EXERCISE: Copy the records below exactly. Include all of them.
(DATASET EXTRACT begins)
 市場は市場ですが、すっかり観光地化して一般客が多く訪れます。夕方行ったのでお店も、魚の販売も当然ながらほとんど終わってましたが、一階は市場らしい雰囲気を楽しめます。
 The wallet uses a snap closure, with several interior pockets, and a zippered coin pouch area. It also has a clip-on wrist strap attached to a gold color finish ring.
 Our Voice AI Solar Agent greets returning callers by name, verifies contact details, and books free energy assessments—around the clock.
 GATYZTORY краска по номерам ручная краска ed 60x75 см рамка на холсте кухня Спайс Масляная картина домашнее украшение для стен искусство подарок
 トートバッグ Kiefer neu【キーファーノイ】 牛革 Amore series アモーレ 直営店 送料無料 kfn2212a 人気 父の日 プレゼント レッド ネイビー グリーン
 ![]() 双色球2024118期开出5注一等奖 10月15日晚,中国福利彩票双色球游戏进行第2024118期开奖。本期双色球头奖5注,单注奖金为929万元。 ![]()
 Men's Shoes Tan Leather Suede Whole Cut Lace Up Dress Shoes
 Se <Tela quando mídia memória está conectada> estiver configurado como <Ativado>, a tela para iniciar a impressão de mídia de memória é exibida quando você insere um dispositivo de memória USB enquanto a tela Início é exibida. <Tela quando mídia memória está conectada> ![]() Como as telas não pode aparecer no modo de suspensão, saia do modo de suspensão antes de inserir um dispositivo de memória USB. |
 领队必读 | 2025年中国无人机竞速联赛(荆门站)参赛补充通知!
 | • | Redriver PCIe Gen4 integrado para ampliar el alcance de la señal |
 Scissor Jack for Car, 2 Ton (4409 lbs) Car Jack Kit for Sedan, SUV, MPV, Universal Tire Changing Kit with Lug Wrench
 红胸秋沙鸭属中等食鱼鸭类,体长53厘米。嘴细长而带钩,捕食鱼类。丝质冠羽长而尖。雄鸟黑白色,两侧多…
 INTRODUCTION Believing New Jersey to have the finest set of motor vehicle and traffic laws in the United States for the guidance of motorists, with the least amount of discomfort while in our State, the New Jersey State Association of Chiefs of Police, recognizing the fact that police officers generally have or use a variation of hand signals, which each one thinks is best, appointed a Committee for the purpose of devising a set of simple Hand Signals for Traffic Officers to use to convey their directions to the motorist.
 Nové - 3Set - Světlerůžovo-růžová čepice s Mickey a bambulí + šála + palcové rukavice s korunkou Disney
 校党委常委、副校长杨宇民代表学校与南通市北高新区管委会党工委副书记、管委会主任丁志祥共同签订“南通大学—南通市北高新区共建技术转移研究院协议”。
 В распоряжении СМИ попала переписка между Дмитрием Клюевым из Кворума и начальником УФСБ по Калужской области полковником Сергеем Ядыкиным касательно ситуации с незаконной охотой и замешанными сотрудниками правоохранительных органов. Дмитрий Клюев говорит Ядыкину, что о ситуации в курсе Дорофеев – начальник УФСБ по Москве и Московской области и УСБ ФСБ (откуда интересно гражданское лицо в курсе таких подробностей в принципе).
(DATASET EXTRACT ends)
EXERCISE OUTPUT:
 市場は市場ですが、すっかり観光地化して一般客が多く訪れます。夕方行ったのでお店も、魚の販売も当然ながらほとんど終わってましたが、一階は市場らしい雰囲気を楽しめます。
 The wallet uses a snap closure, with several interior pockets, and a zippered coin pouch area. It also has a clip-on wrist strap attached to a gold color finish ring.
 Our Voice AI Solar Agent greets returning callers by name, verifies contact details, and books free energy assessments—around the clock.
 GATYZTORY краска по номерам ручная краска ed 60x75 см рамка на холсте кухня Спайс Масляная картина домашнее украшение для стен искусство подарок
 トートバッグ Kiefer neu【キーファーノイ】 牛革 Amore series アモーレ 直営店 送料無料 kfn2212a 人気 父の日 プレゼント レッド ネイビー グリーン
 ![]() 双色球2024118期开出5注一等奖 10月15日晚,中国福利彩票双色球游戏进行第2024118期开奖。本期双色球头奖5注,单注奖金为929万元。 ![]()
 Men's Shoes Tan Leather Suede Whole Cut Lace Up Dress Shoes
 Se <Tela quando mídia memória está conectada> estiver configurado como <Ativado>, a tela para iniciar a impressão de mídia de memória é exibida quando você insere um dispositivo de memória USB enquanto a tela Início é exibida. <Tela quando mídia memória está conectada> ![]() Como as telas não pode aparecer no modo de suspensão, saia do modo de suspensão antes de inserir um dispositivo de memória USB. |
 领队必读 | 2025年中国无人机竞速联赛(荆门站)参赛补充通知!
 | • | Redriver PCIe Gen4 integrado para ampliar el alcance de la señal |
 Scissor Jack for Car, 2 Ton (4409 lbs) Car Jack Kit for Sedan, SUV, MPV, Universal Tire Changing Kit with Lug Wrench
 红胸秋沙鸭属中等食鱼鸭类,体长53厘米。嘴细长而带钩,捕食鱼类。丝质冠羽长而尖。雄鸟黑白色,两侧多…
 INTRODUCTION Believing New Jersey to have the finest set of motor vehicle and traffic laws in the United States for the guidance of motorists, with the least amount of discomfort while in our State, the New Jersey State Association of Chiefs of Police, recognizing the fact that police officers generally have or use a variation of hand signals, which each one thinks is best, appointed a Committee for the purpose of devising a set of simple Hand Signals for Traffic Officers to use to convey their directions to the motorist.
 Nové - 3Set - Světlerůžovo-růžová čepice s Mickey a bambulí + šála + palcové rukavice s korunkou Disney
 校党委常委、副校长杨宇民代表学校与南通市北高新区管委会党工委副书记、管委会主任丁志祥共同签订“南通大学—南通市北高新区共建技术转移研究院协议”。
 В распоряжении СМИ попала переписка между Дмитрием Клюевым из Кворума и начальником УФСБ по Калужской области полковником Сергеем Ядыкиным касательно ситуации с незаконной охотой и замешанными сотрудниками правоохранительных органов. Дмитрий Клюев говорит Ядыкину, что о ситуации в курсе Дорофеев – начальник УФСБ по Москве и Московской области и УСБ ФСБ (откуда интересно гражданское лицо в курсе таких подробностей в принципе).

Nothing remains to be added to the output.